Scientists Discover a Jewel at the Heart of Quantum Physics - epenn
http://www.wired.com/wiredscience/2013/12/amplituhedron-jewel-quantum-physics/all/
======
thaumasiotes
> Unitarity says the quantum mechanical probabilities of all possible outcomes
> of a particle interaction must sum to one. To prove it, one would have to
> observe the same interaction over and over and count the frequencies of the
> different outcomes. Doing this to perfect accuracy would require an infinite
> number of observations using an infinitely large measuring apparatus, but
> the latter would again cause gravitational collapse into a black hole.

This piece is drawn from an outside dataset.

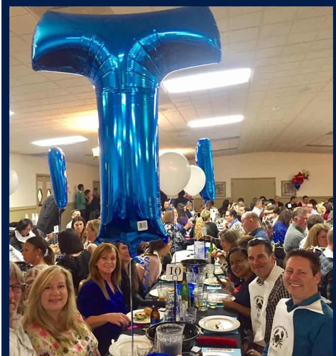
SRTK sponsored VICA's annual Crab Feed in Sacramento this past February, which was a huge success!

In
> finite regions of the universe, unitarity can therefore only be
> approximately known.

I'm sure the physicists have something coherent in mind, but the discussion of
unitarity in the _article_ makes no sense at all. The idea that the sum of all
probabilities of all possible outcomes of some situation is 1 isn't even part
of physics; it's the definition of probability. It's not necessary to make an
infinite number of observations, or even a single observation, to know that
the sum over all the possibilities is 1 (also phrasable as "something will
happen"). If we _did_ make an infinite number of observations, the only
possible sum over all possibilities would be 1, because it's 1 _by
definition_. No matter what we observed, it would still be 1, and we would
assign probabilities based on our observations _so that_ the sum of them all
would be 1.

The previous HN discussion linked by Hopka seems to state that in fact
unitarity is not in doubt, that it's just that under the system described in
the article no one has yet proved that a non-unitary solution cannot be
generated. But how could unitarity possibly be "suspect"? It's a definition.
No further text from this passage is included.